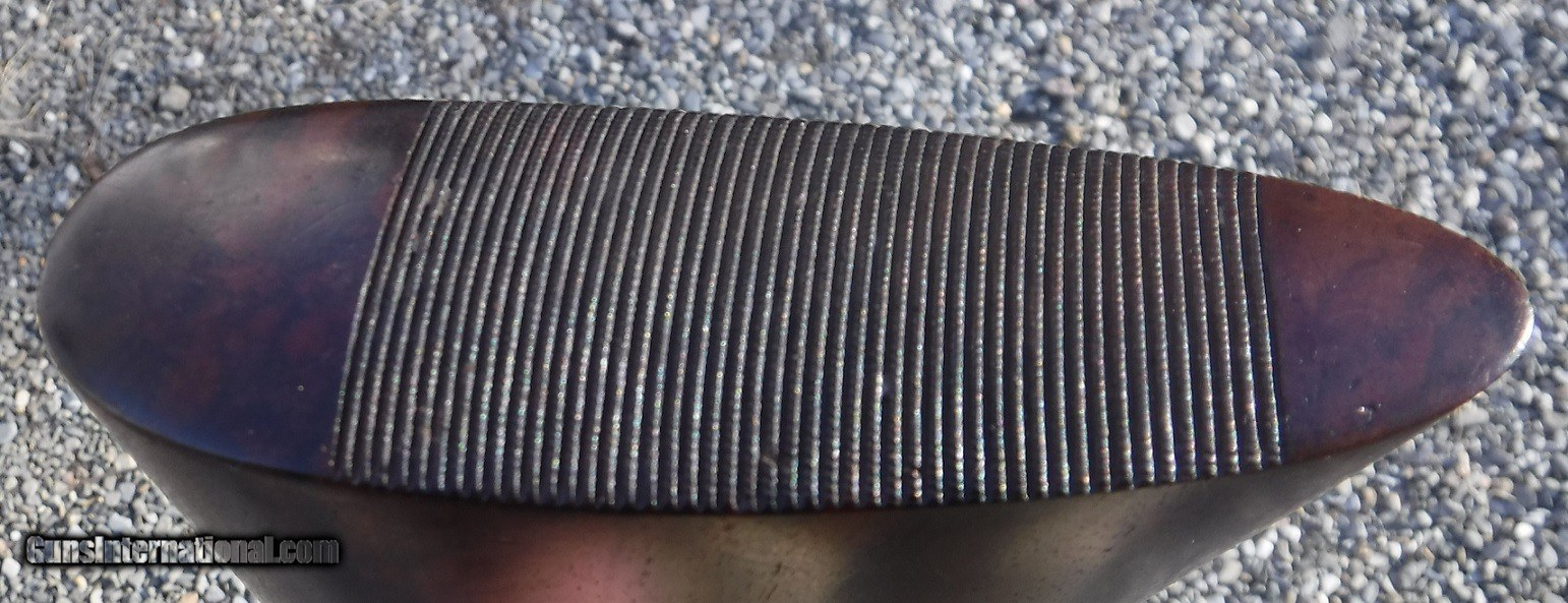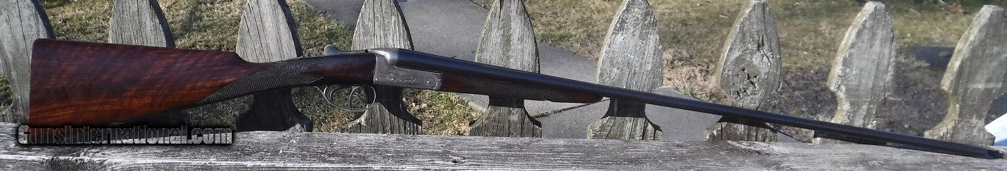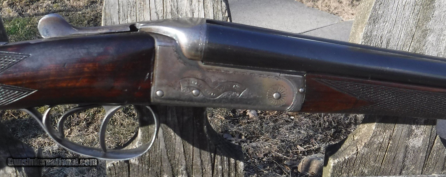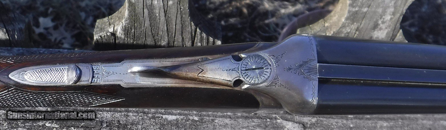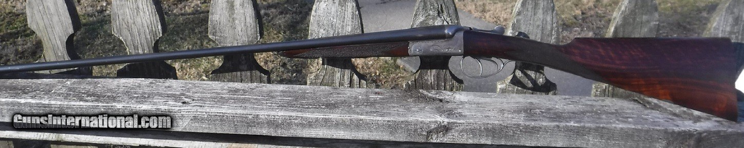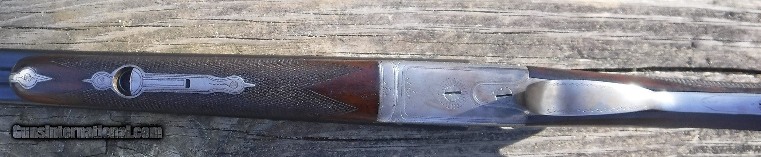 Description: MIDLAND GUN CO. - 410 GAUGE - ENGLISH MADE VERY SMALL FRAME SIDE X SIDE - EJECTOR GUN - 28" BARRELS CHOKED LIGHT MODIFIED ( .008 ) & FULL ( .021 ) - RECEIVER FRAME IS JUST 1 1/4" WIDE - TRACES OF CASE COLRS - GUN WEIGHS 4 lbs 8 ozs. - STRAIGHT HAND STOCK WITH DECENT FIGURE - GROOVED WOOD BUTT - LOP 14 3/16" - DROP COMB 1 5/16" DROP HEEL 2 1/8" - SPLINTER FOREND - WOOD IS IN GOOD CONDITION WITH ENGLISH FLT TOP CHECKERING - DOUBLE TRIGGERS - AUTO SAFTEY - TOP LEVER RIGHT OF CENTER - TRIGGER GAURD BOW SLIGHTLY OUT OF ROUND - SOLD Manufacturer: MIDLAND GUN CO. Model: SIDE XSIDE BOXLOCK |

* * *

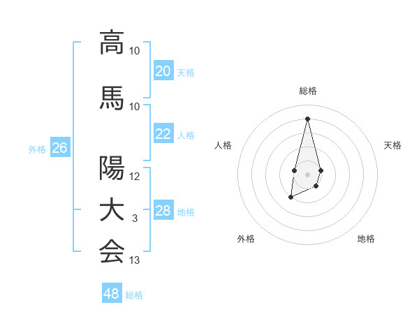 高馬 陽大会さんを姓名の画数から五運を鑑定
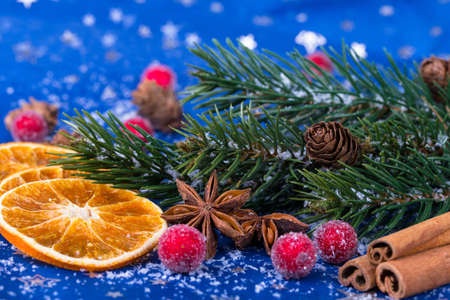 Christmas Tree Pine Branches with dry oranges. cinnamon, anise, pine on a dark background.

TASK INSTRUCTIONS:
Would you set down only the lines above from the line with "高馬 陽大会さんを姓名の画数から五運を鑑定" to the line with "Christmas Tree Pine", both included, exactly as they stand and without the pictures?

ANSWER TO THIS PROBLEM:
 高馬 陽大会さんを姓名の画数から五運を鑑定
 Christmas Tree Pine Branches with dry oranges. cinnamon, anise, pine on a dark background.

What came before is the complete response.